The unrelenting descriptiveness can lead to listening drudgery. As the free-floating melodic motifs and exotic timbres begin piling up, it's easy to feel overpowered by sonic sensations and simultaneously underwhelmed by structure. The trouble is compounded because Tibbetts is secretive about the objects and events his songs describe. The title "Red Temple" seems to provide insight into one song until you scan the rest of the back cover and sigh to find "Black Temple" and "Burning Temple" included as well. Ultimately these titles lapse into high-mountain names "Locahan," "Chandoha," and "Koshala," which do little more than reinforce the fact that dropoffs and sheer cliff walls surround us.

Headphones are essential survival gear. Or find a place where you can listen loud enough without disturbing spouses, neighbors, innocent yak herders, or yeti. Let your attention waver, and Tibbetts's big looming landscape suddenly evaporates as quickly as a snowflake on the stove. Yet even a few moments of dedicated attention hatch gorgeous moments such as the bronze-instrument guitar figures near the end of "Burning Temple" that open up just enough to allow the entry of a songbird. And while you miss the middle section of Mussorgsky's "Pictures at an Exhibition" or the Beatles' "I Am the Walrus" at your peril, you can wander upstairs during Tibbetts's "Glass Everywhere" to feed your cat confident that another series of perfectly rendered micro-events patiently awaits your return.

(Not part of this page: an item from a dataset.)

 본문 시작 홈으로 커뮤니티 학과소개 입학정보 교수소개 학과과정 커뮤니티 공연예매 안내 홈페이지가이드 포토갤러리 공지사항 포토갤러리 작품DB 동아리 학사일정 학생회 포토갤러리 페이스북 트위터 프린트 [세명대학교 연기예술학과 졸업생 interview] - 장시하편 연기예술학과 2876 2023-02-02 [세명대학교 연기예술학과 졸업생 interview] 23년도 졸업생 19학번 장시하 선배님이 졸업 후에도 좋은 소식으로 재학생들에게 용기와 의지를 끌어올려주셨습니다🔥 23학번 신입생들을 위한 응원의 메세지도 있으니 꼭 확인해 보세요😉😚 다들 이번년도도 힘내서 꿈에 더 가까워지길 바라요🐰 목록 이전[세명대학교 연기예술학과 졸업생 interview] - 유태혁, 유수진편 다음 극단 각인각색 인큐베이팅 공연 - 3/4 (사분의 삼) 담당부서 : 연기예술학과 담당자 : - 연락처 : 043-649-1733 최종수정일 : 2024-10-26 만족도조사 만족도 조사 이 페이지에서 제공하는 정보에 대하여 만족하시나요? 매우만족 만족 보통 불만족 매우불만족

Probably 80 listenings or so would establish the great, grand groundwork from which this inner well flows. Fortunately Horse is unobtrusively rewarding enough to hold up to that many listenings, and it sounds different nearly every time it plays. If anything, the concentration required to reap the disc's rewards becomes the theme of the song cycle. The music functions as a summons to, metaphysically speaking, wake up, because you need to be awake to appreciate the music. Like a mandala, Horse is both a map and the thing that's being mapped.

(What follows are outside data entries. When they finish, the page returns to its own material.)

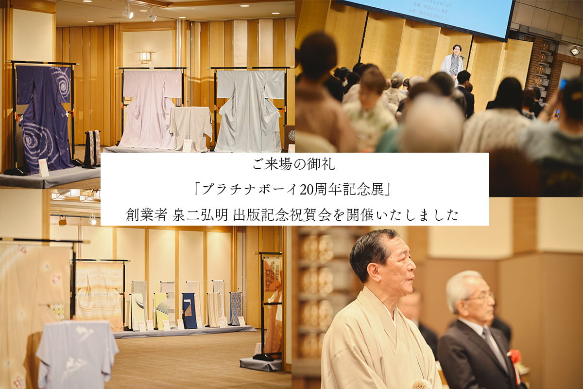 2026年4月12日(日)、帝国ホテル 東京「孔雀の間」にて、 「プラチナボーイ20周年記念展 銀座もとじ創業者 泉二弘明 出版記念祝賀会」を開催いたしました。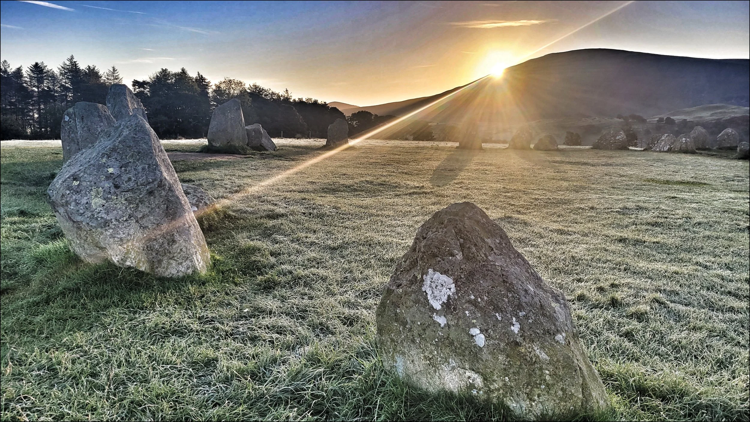 The next morning we were treated to another natural spectacle. At first light Castlerigg was encircled by a low mist that hugged the ground down to Thirlmere and Helvellyn. There was a good crowd present to witness the sunrise which took a while to appear over Clough Head. A number of photographers had set up ready outside the circle and inside most stood still in expectation. The surrounding fells began to catch the light and then suddenly the stones lit up and took shape. As the long shadows formed the land began to warm and the low mist began to disappear.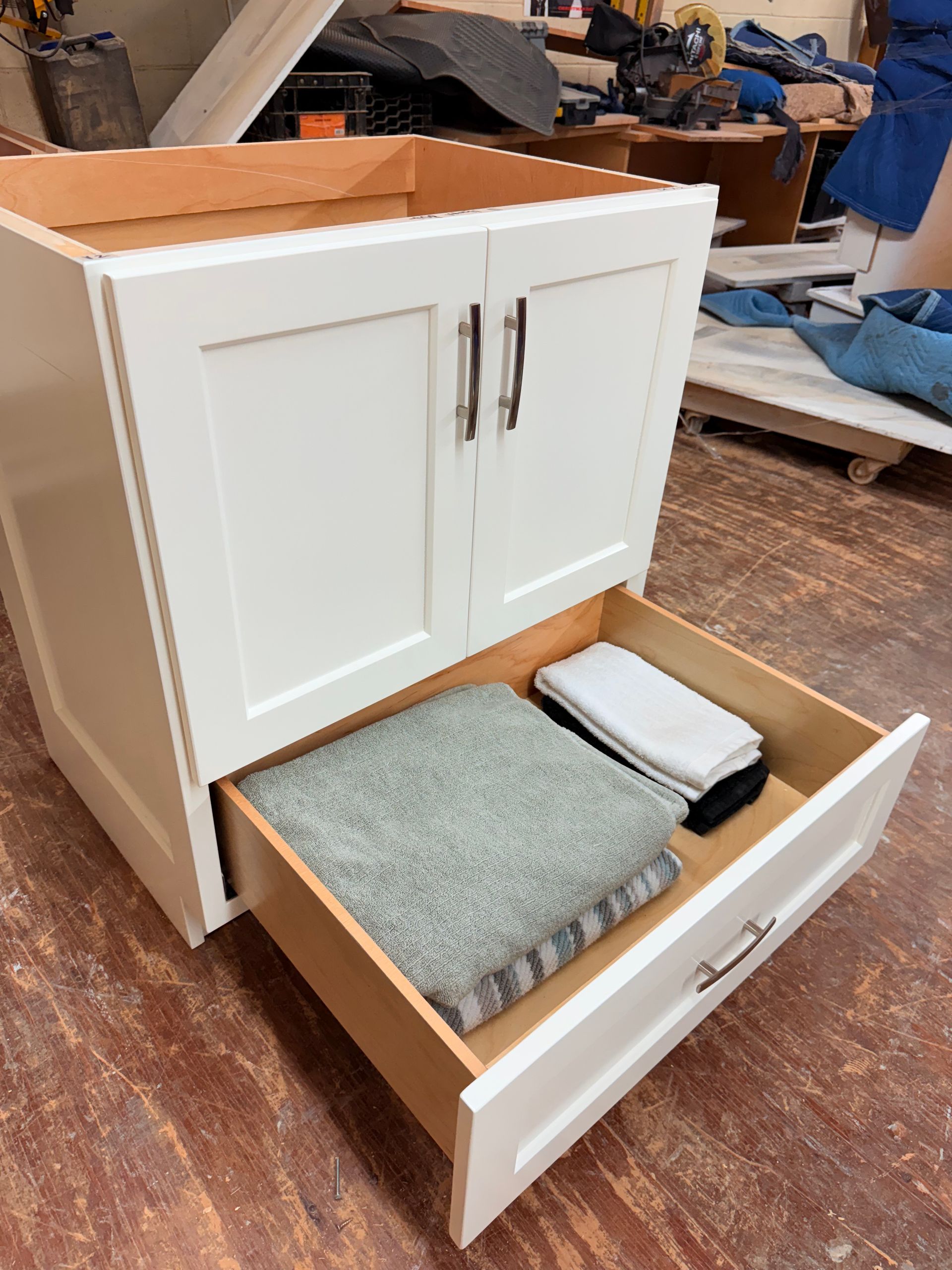 12. Single 20" Door to maximize the drawer sizes. Inset style with furniture style bottom.
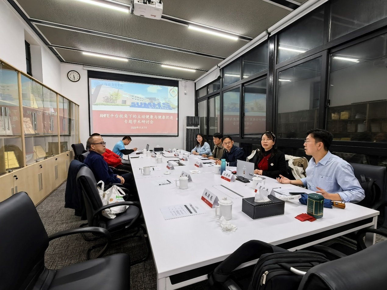 冬藏万物,智启新篇。2025年11月7日(立冬)午后,上海交通大学徐汇校区新建楼内思想火花迸发,智慧暖流涌动——以“AHFE(主动健康与健康促进协同治理平台英文缩写)平台视角下的主动健康与健康促进”为主题的学术研讨会在此举行。本次会议汇聚了来自上海健康医学院AHFE平台的万广圣教授、郑国华教授、邵晓军教授、张世翔教授、曹月柱教授等校内核心成员以及上海交通大学健康长三角研究院院长助理蒋锋教授等校外成员。大家齐聚一堂,共同探讨学校在“十五五”规划背景下,如何有效发挥平台作用,推动主动健康与健康促进领域的产教研融合与协同育人机制构建等关键议题。本次会议由郑国华教授主持。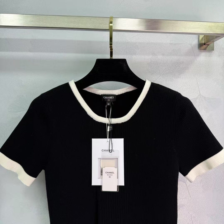 Strickpullover in Panda-Farben mit kurzen Ärmeln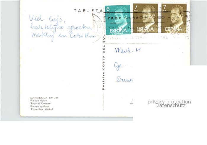 old postcard Marbella Andalucia Gasse postalisch gelaufen Erhaltung siehe scans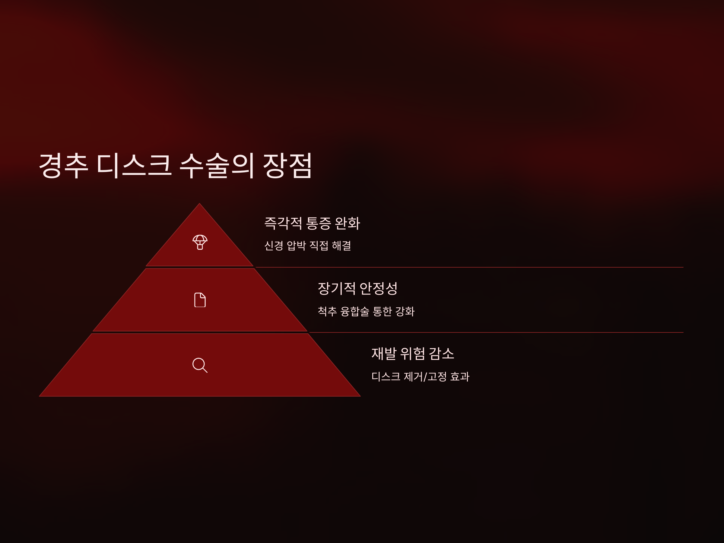 - 즉각적인 통증 완화: 신경 압박을 직접적으로 해결하여 빠르게 통증을 줄일 수 있습니다.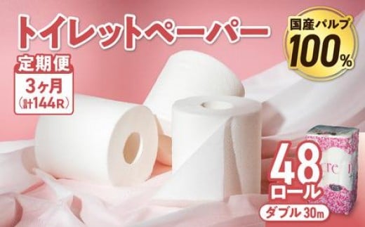 【3回配送/毎月届く定期便】 ナクレ トイレットペーパー ダブル 12ロール×4パック 48個 トイレット 日用品 消耗品 防災 パルプ 100% 無香料 厚手 収納 備蓄 人気 東北 金ケ崎 金ヶ崎

Lots of musicians collect instruments and genres from Asia and assemble them into cosmopolitan dance tracks or ambient fare with the inevitable reductions and silly juxtapositions. Tibbetts yokes Asian instrumental sounds and percussive patterns with a way of thinking about music that isn't obviously derivative of East or West. The result is an album of borderless compositions that comes close to a true world music open-ended enough to find an audience just about anywhere on the globe, depending, of course, on the amount of slack you're willing to cut him. And then there's the wasp attack, and the irony that a man whose guitar playing resembles a monstrous cloud of hornets should fall victim to the stinger and tumble to the ground. It sort of serves him right for Horse.